Memory leaking only with Node.js agent installed

Any updates on this? I have a production setup for a socket.io server and I want to track my socket calls.

After adding in the node newrelic agent, I see the memory climbing steadily. As shown in the charts attached, after commenting out require('newrelic') on the commit 8371d, memory stabilizes.

I can confirm this issue still exists and since removing SSL is not an option for us, removing NewRelic was the only option. We’d love to continue using NewRelic with our Node app but we cannot while this problem exists.

In our case, we were able to determine that the specific version of memcached libraries we were using (0.2.8) contained a memory leak. Simply downgrading those libraries one version made a significant difference, to the point where it isn’t even clear that there is a problem. There may still be memory leaks but the scope is nowhere near what we were facing prior to this discovery. This is no longer blocking us.

Since New Relic resources were also attached to those leaked objects, when monitoring was on we experienced a noticeably larger leak. That is to say, enabling NR monitoring magnified the existing problem.

We initially used this approach to help identify the leaking objects: http://strongloop.com/strongblog/how-to-heap-snapshots/

1 Like

So was there a memory leak on node newrelic agent? Or was it just amplifying the leaks on application code?

In our case it was the memcached libraries that were leaking, and the NR agent was amplifying that. This might be the case at other sites as well – perhaps not our specific memcached leak, but some other leak which is also being amplified by NR (since they will be attaching objects wherever network calls are made).

2 Likes

The memory leak in its current state is believed to be an issue node core. The problem is some OpenSSL (and node) objects are being leaked on outbound HTTPS requests. This is provable against google.com (making it not a misconfiguration of newrelic servers). The problem exists always with HTTPS, but is amplified with the agent because we use custom certs on outbound connections back home and those are being leaked too.

I got pulled into some other things that needed to be released but should be back on the memory leak hunt soon. Once I’ve developed a full fix for it in core, I’ll also use that patch in our outbound connections to newrelic servers. The trick is, we need to know exactly what the patch looks like in core so we can reliably detect if we need to inject it or not for our connections, which means I can’t really apply any fix in the agent until something has been settled on for core.

1 Like

I tried updating to node 0.12.0 and that didn’t help but I can confirm disabling SSL fixes the leak. The severity of the leak also seems to depend on what other modules you require. Some make the leak worse than others.

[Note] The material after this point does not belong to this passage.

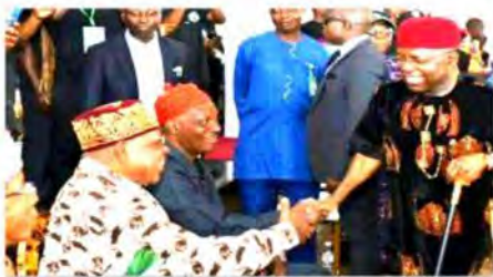
Gov. Otti exchanging greeting with traditional rulers at the event

Well, looks like turning SSL off totally stopped the reporting of metrics to New Relic when running on Heroku, sigh.

Edit: Related post:
Double edit: All good, you also need to explicitly set the port setting to 80 if ssl is false.

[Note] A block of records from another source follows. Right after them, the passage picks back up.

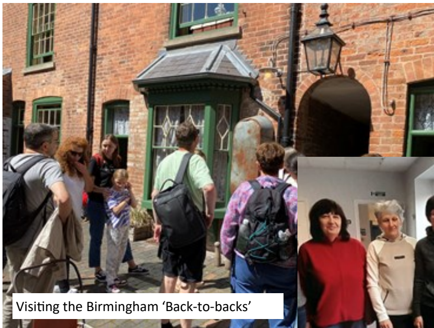
Visiting the Birmingham 'Back-to-backs'
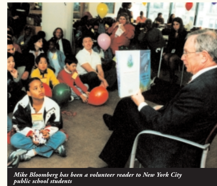
Mike Bloomberg has been a volunteer reader to New York City public school students
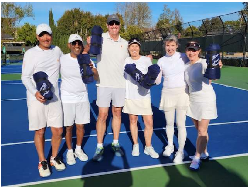
Spring Fling Champions

It’s worth noting that once I disabled SSL I also saw a significant increase in application performance under heavy concurrent loads. Even with 0.12.0, ssl on node appears to still have a lot of overhead and the ssl reporting to new relic can negatively impact your app.

Fortunately we don’t send URL params or custom metrics so turning SSL off is a viable option for us…and we will probably keep it off even if this memory leak is fixed due to the performance increases.

Is there any update on this memory leak?

Turning off clustering, or turning off SSL: neither of these are really options for us. We’re hoping to scale up a production instance of an application that’s been under development but this is really a blocking issue as we need a monitoring solution.

Turning off clustering, or turning off SSL is not an option for us either.
NewReleak…

Hi all - we are still working on this. It is an issue in Node core; however, our engineers take this seriously and are looking into what we can do here.

Essentially this update is the same as the earlier one:

I don’t have an ETA on changes here; this is important and we are actively working on it.

Is the leak still not a priority?

The leak is one of the highest priorities. That said other things do come up and sometimes we have to react to them.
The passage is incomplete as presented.